Each data structure named SLA<name>_t has a corresponding Lua script function named SLA<name> that takes the following parameters:

  1. void *context – System supplied script handle
  2. SLA<name>_t *v – Input structure reference
  3. SVPOut_t *out – Output structure reference
  4. u16 nElements – Number of elements in input structure

In the example below, the function that performs a system reset is SLAResetAllParameters, which references SLAResetAllParameters_t as the second parameter. SVPOut_t provides a convenient mechanism to access the return value of the function.

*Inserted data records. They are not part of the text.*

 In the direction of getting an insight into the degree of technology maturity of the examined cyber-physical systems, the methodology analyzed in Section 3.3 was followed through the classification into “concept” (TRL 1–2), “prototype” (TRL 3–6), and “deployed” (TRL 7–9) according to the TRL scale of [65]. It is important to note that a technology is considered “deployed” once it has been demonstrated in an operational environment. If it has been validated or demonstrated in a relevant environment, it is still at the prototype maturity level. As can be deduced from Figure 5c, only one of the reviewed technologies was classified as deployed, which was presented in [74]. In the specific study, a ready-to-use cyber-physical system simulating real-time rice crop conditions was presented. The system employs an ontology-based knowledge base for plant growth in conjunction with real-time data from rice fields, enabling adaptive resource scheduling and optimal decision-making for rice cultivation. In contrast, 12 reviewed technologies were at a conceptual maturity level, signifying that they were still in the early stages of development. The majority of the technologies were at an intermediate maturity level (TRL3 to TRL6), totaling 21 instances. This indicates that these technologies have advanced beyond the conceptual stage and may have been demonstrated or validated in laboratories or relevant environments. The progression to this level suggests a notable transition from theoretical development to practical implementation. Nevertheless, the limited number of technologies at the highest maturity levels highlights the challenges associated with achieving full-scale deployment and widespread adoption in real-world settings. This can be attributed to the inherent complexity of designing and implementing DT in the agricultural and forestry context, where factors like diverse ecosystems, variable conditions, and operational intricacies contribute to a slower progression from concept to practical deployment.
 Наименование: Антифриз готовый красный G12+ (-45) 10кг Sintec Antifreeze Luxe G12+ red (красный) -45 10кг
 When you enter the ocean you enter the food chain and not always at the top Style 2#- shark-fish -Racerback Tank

NOTE: nElements should be an unchanging value for any software release, but may change if additional elements are added to messages in future releases.

typedef struct {
union {
SLAGetVersionNumber_t GetVersionNumber;
SLAResetAllParameters_t ResetAllParameters;
SLASetStabilizationParameters_t SetStabilizationParameters;
SLAGetStabilizationParameters_t GetStabilizationParameters;
SLAResetStabilizationParameters_t ResetStabilizationParameters;
//
// all other data structure types included here
//
SLAStreamingControl_t StreamingControl;
};
} SLAUnion;
typedef struct SVPOut_t {
s32 type;
u32 outLen;
SLAUnion *out;
bool isFipEx;
} SVPOut_t;

The example below illustrates how to call a function and correctly pass context, out, and nElements. Since functions may return unexpected types, verify out.type before accessing out.out.

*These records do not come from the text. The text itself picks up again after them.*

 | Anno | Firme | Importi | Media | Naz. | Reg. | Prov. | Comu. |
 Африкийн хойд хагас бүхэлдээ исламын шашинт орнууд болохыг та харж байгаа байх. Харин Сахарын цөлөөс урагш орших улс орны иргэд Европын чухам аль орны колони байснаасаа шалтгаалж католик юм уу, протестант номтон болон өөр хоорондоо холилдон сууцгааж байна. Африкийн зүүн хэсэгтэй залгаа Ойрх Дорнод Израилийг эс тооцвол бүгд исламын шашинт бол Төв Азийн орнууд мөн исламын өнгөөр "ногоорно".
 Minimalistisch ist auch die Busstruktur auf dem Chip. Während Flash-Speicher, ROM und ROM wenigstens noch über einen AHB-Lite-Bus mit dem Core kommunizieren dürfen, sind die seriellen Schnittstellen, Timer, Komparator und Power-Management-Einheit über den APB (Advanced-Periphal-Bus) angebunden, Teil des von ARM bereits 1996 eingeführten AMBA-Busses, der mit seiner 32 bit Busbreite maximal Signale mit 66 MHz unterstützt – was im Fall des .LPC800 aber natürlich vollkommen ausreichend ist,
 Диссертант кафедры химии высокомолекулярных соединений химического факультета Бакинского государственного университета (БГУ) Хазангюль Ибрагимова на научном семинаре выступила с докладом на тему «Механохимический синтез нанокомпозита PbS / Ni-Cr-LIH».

-- Global frame count, incremented in SLPostAnalyze
local ffi = require("ffi")
local framecount = 0
function SLPostAnalyze( _vtstate, cameraIndex )
framecount = framecount + 1
if framecount == 2 then
local gv = ffi.new("SLAGetVersionNumber_t")
local out = ffi.new("SVPOut_t")
local rv = ffi.new("SLAUnion");
out.out = rv;
ffi.C.SLAGetVersionNumber(_vtstate, gv, out, ffi.sizeof(gv))
if out.type == ffi.C.VersionNumber then
print("Version is ", rv.VersionNumber.swMajor, ".", rv.VersionNumber.swMinor, ".", rv.VersionNumber.swRelease)
end
end
end

For a complete list of functions in the API, see Lua Script Functions.

NOTE: Append ULL to 64 bit integer values. Eg. setTime.utcTime = 0x54deab2bd7500ULL

See EAN-SLA-Script-Development.pdf for instructions on how to configure, setup, and use Lua scripts on SightLine Applications systems.

Camera Support

See Camera Compatibility/Configuration for the complete list of supported cameras.